This PR reorganises the devnet-runner skill by splitting a large monolithic SKILL.md into three focused reference files (validator-config.md, clients.md, long-lived-devnet.md), and replaces the old checkpoint-sync.md (which described spin-node.sh --restart-client) with a new long-lived-devnet.md that covers persistent detached-container devnets and rolling restarts. A small script fix is also included that explicitly removes containers after the timeout in run-devnet-with-timeout.sh.

Key observations:

Documentation gap: checkpoint-sync.md is deleted and the spin-node.sh --restart-client procedure it described is no longer documented anywhere in the skill. If users need to restart a node in a locally-managed spin-node.sh devnet, there is no longer a documented procedure for this.
Port-conflict risk in long-lived-devnet.md: The docker run example for starting multiple ethlambda nodes omits --api-port, which means every node defaults to port 5052. On a single host this causes a bind conflict for all but one node — and the rolling restart procedure's CHECKPOINT_SOURCE_PORT=5052 inherits this ambiguity.
The script change (docker rm -f cleanup loop) is a net improvement; only a minor inaccuracy in the status message ("Stopping" vs "Stopping and removing").

Confidence Score: 4/5

Safe to merge with one documentation fix recommended before follow-on users run multi-node long-lived devnets.
All changes are documentation and a small shell-script cleanup. The structural reorganisation is clean and the new reference files are accurate. The main concern is a logic gap in the long-lived-devnet example that omits --api-port, which will cause port 5052 conflicts for anyone spinning up more than one ethlambda node on the same host following the guide literally.
references/long-lived-devnet.md — the multi-node docker run example needs explicit --api-port values per node.

Important Files Changed

Filename	Overview
.claude/skills/devnet-runner/SKILL.md	Primary skill file refactored to reduce verbosity by moving detailed content (validator schema, client tables, checkpoint sync procedure) into dedicated reference files; description updated to enumerate more trigger phrases for skill activation.
.claude/skills/devnet-runner/scripts/run-devnet-with-timeout.sh	Added explicit container cleanup loop after killing spin-node.sh to handle cases where spin-node.sh doesn't remove containers on signal; minor inaccuracy in the "Stopping containers..." status message (docker rm -f stops and removes).
.claude/skills/devnet-runner/references/long-lived-devnet.md	New reference file for persistent detached devnets and rolling restarts; the docker run example for multi-node ethlambda deployments omits --api-port, which causes port 5052 conflicts when running multiple nodes on the same host.
.claude/skills/devnet-runner/references/validator-config.md	New reference file extracted from SKILL.md; contains full validator-config.yaml schema, field reference table, add/remove node procedures, port allocation guide, and local vs ansible deployment comparison — all accurate and consistent with the rest of the skill.
.claude/skills/devnet-runner/references/clients.md	Per-client configuration notes removed and replaced with a pointer to client-cmds scripts; retained Docker image table, port defaults, known compatibility issues, and environment variable reference — well-organised.
.claude/skills/devnet-runner/references/checkpoint-sync.md	Deleted; the spin-node.sh --restart-client procedure it documented is no longer covered anywhere in the skill — local devnet checkpoint-sync restarts are now undocumented.

Flowchart

%%{init: {'theme': 'neutral'}}%%
flowchart TD
    A([User Request]) --> B{Devnet type?}

    B -->|Short local test| C[Edit validator-config.yaml]
    B -->|Long-lived / remote| D[Generate genesis via spin-node.sh]

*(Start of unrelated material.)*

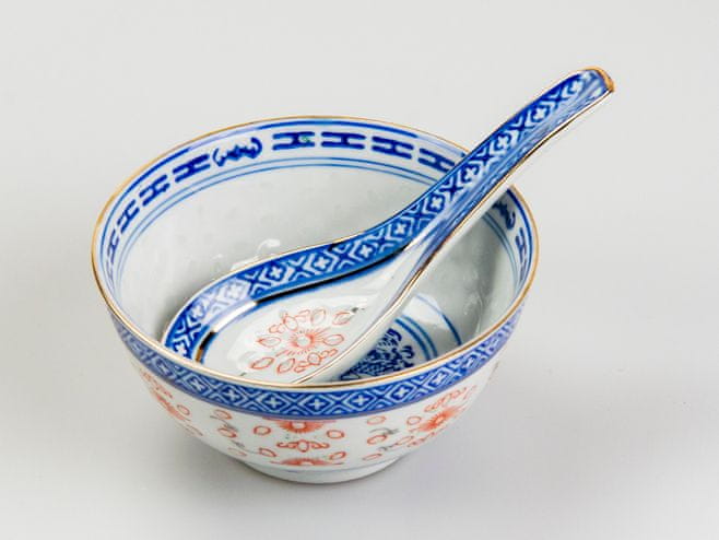 Skodelica z žličko za čaj, za juho, riž - set 6 skodelic rižev porcelan, zmaj zlati rob

    C --> E[Update client image tags]
    E --> F[run-devnet-with-timeout.sh &lt;seconds&gt;]
    F --> G[spin-node.sh --generateGenesis runs in background]
    G --> H[sleep &lt;seconds&gt;]
    H --> I[Dump logs to *.log files]
    I --> J[kill spin-node.sh]
    J --> K[docker rm -f remaining containers]

    D --> L[docker run -d --restart unless-stopped\nper node with explicit ports]
    L --> M{Upgrade needed?}
    M -->|No| N([Devnet running persistently])
    M -->|Yes| O[docker pull new image]
    O --> P[docker rm -f node]
    P --> Q[sleep 60s — gossipsub backoff]
    Q --> R[docker run -d new image\n+ --checkpoint-sync-url]
    R --> S{Verify gossip\n+ finalization}
    S -->|Pass| T{More nodes\nto restart?}
    S -->|Fail| Q
    T -->|Yes| O
    T -->|No| N

Prompt To Fix All With AI

This is a comment left during a code review.
Path: .claude/skills/devnet-runner/scripts/run-devnet-with-timeout.sh
Line: 37

Comment:
**Misleading status message**

The message says "Stopping containers..." but `docker rm -f` both stops and removes containers. A more accurate message avoids confusion when reading script output.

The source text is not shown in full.